恐怖でガクガクと震えている膝に鞭を打ち涙を浮かべるモニカの前へと滑り込み抱きかかえる。

 身を挺し、まるで盾にでもなるかのように。


 何故自分がこの子を助けようとしたのかは分からない。

 親しいどころか、嫌われてさえいるこの子を……

 目の前で無残に殺される。そう直感した時には身体が動き出していた。

 

 後のことなど考えず策もない。あまりに無謀。これでは所詮餌が一人増えただけにすぎない。

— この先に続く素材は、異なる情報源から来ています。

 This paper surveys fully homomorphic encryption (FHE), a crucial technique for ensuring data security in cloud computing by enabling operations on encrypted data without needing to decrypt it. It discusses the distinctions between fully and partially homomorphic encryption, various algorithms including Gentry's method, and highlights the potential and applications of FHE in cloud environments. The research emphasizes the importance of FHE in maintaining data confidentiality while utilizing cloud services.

 熊は俺のことなど意に介さずそのまま腕を振り下ろした…………死んだなこれ……


「水よ、氷よ! 槍となりて突き貫け! グラキエーハースター!」


 死を覚悟し身を縮こまらせて瞼を硬く閉じているとニーナの声が辺りに響く。

 目を開けた次の瞬間には、奴の振り下ろした腕や体には無数の氷が突き刺さっていた。


「やった……のか!?」

 

 体勢を崩され、大きく仰け反る熊。

 ひるみはしたものの戦意はそがれていない。

 むしろ、激昂している。雄たけびを上げながらこちらに向かって来た。

 身体に無数の傷を負いズタズタになりながらもその眼差しはモニカを捕らえていた。

 

「小僧! 受け取れ!」


「――ッ!?」

 

 牛舎の方から誰かの声とともに、抜き身の剣が投げつけられ、足元に転がり込んできた。

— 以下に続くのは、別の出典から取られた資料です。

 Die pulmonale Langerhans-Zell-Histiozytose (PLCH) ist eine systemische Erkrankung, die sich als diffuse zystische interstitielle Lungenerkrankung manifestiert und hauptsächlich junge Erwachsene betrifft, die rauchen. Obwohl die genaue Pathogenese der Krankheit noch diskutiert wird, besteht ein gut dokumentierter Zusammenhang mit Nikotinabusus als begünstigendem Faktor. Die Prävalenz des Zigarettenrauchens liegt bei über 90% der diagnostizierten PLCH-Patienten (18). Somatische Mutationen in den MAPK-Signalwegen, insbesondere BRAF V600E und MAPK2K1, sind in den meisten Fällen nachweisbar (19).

 剣身の長い両刃剣、柄はボロボロ、刃は手入れが行き届いているとはとても言い難い状態。どう考えても熊に立ち向かうには心もとない武器。

 幼少期から剣道はやっていたので多少の心得はある。だが、真剣なんて扱ったことないぞ!

 

 弱音を吐いても仕方がない。一呼吸置き剣を拾い上げ構えを取る。

 不思議と身体は軽く力が湧きあがった。

 熊の咆哮に臆することなく迎え立つ。

 極限の条件下だからだろうか、巨躯の動きはスローモーションに見え動きが手に取るように分かる。


「ええい、ままよ! ハアァーーッ!!」


 こちらへ突っ込んできた熊をすんでの所で横っ飛びに躱す。

 側面より首すじを狙い全力で剣を叩き下ろす。

 突然の斬撃によろめき立ち上がり後退する熊。

 すかさず距離を詰め足元から飛び上がり、首元を横なぎに切り払った。

 鋭い一閃は喉笛を掻き切り熊からは勢い良く血が噴出した。

 渾身の一撃により熊は致命傷を負ったのか、ヨロヨロと数歩歩くと地に付し動かなくなった。

 

「ハァ、ハァ……生き……てる……フゥー、何とかなってよかった……」


「モニカ! 良かった無事で! 本当によかった!!」


「大丈夫? 怪我はない!? 」


 ニーナとダンテはいの一番にモニカに駆け寄り無事を喜んでいる。

 ダンテは泣きながらモニカを抱きしめている。

 モニカも安堵からか号泣している。とにかく全員無事で何よりだ。


 握り締めた剣は流石に耐え切れなかったのか真っ二つに折れてしまっていた。 

 この分不相応な力……まさかこれが神様の言っていた異能なのか? 

 普段の俺には熊を躱すほどの俊敏さもなまくらの剣で熊の皮膚を切り裂く程のパワーもあるはずがない。


「あーあ、真っ二つじゃないかい。どれ、怪我は無いかね?」

 

 いつの間にか俺の横に立ち折れた剣を見ている老人がいた。

 声を掛けられるまで気配を感じなかったぞ。

 確か、ニーナ達の爺さんでペトロスって名前だったか。剣はこの爺さんが投げ込んだのか。

 

 リアクションを取れずにいる俺を尻目に、全身を舐めまわすようにジロジロと見回す。

 そして手の甲にあるアザをまじまじと見つめだした。


「ほう……見てみな。十字の聖痕が光っとるじゃろ? これはお前さんの力が発動しとる証拠じゃ」


「本当だ、光ってる……ペトロス爺さん、何か知ってるんですか?」


「まあ、多少はな……今は推測の域を出んが……後で工房まで来なさい。まずはあの子達を落ち着かせんとな」


 そういうとスタスタとダンテ達のもとへと歩いていってしまった。